Monday, Sep. 18, 2000

Not By Design

By CALVIN TRILLIN

This began when I pulled out a new pack of checks (Nos. 5221 to 5260) and found a check-size notice informing me that I was going to be given the opportunity to test out some designs I might want the next time I reordered. The first five checks in this pack, it said, were of various styles but were also real checks, imprinted with my name and numbered in sequence with the rest of my checks. The first one had two kittens on it.

Like many of the other opportunities presented to me by my bank these days, this was not one I had longed for. To put it as politely as possible, I have no interest in kittens as a design element--or, for that matter, as kittens. From the 10 check styles pictured in miniature on yet another page--styles with names like Radiant Beginnings and Victorian Rose--it was easy to decide that I didn't want any of them. If a variety of check styles gives each of us a chance to display our personality, I would prefer to be displayed as the sort of person who doesn't use checks with designs on them.
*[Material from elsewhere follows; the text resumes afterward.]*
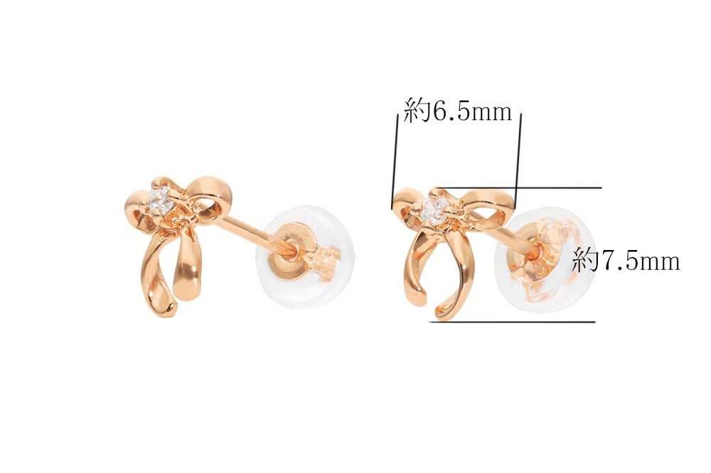 - K18PG リボンモチーフダイヤピアス mk-436 CR-12

"I can't send anybody these checks," I said to my wife. "Kittens! Angels!" Yes, my check No. 5222 had an angel on it. I know I'm on record as saying that the only exception I make to an absolutist belief in the free-speech guarantees of the First Amendment is that people who show slides of their trip to Europe should be put in jail for a very long time. But I've been sorely tempted lately to make another exception for people who correspond on notepaper that has angels on it.
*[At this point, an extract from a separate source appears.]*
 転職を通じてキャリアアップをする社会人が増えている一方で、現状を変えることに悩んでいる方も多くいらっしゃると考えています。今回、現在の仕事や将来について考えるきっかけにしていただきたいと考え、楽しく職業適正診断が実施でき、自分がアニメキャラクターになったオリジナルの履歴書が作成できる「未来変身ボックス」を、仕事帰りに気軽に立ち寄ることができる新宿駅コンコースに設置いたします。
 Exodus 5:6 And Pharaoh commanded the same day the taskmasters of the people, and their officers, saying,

"So just don't use those checks," my wife said. "Tear them up. Go on to 5226."

As it happens, I've always taken great pride in keeping my checkbook reconciled with my bank statement. I must have once heard my father refer to someone who was so financially inept that he "couldn't keep his checkbook balanced," and I've endeavored not to fall beneath even that modest standard. But this requires working on the outer edges of my financial and mathematical competence, and it would take less than the destruction of a few checks to throw everything out of kilter.

Should I change banks? Should I start using money orders? Then I was inspired by a phrase--"faceless bureaucracy." I realized that I could get rid of 5221 through 5225 by using them to pay bills to institutions so large that even the presence of thoroughly revolting angels would go unnoticed. Check No. 5221 went to Con Edison for my electric bill. The angels wafted toward one of my many telephone companies.
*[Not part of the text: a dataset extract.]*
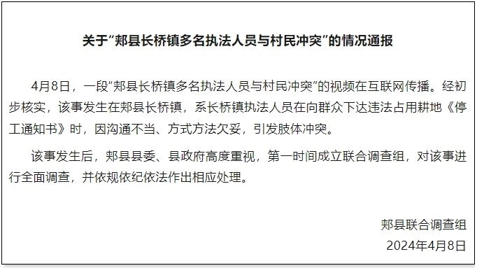 央視網(wǎng)消息:據(jù)“郟縣發(fā)布”公眾號消息,河南省平頂山市郟縣聯(lián)合調(diào)查組發(fā)布情況通報,4月8日,一段“郟縣長橋鎮(zhèn)多名執(zhí)法人員與村民沖突”的視頻在互聯(lián)網(wǎng)傳播。經(jīng)初步核實(shí),該事發(fā)生在郟縣長橋鎮(zhèn),系長橋鎮(zhèn)執(zhí)法人員在向群眾下達(dá)違法占用耕地《停工通知書》時,因溝通不當(dāng)、方式方法欠妥,引發(fā)肢體沖突。
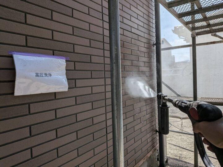 高圧洗浄を行っております。しっかり行う事で品質のよい塗装工事が可能になります。

No sooner had the checks been mailed than I began to have second thoughts. I could see a bartender whose wife worked at Con Edison glance at the name on my credit card and say, before the entire Friday-night crowd at the bar, "I wonder why you didn't bring your pussycats with you tonight."

So I want it all out in the open. Yes, I did send checks that were decorated with kittens and angels--maybe even a Victorian rose. But I hadn't ordered those checks. Those checks are not the real me. I am the sort of person who does not use checks with designs on them. Really.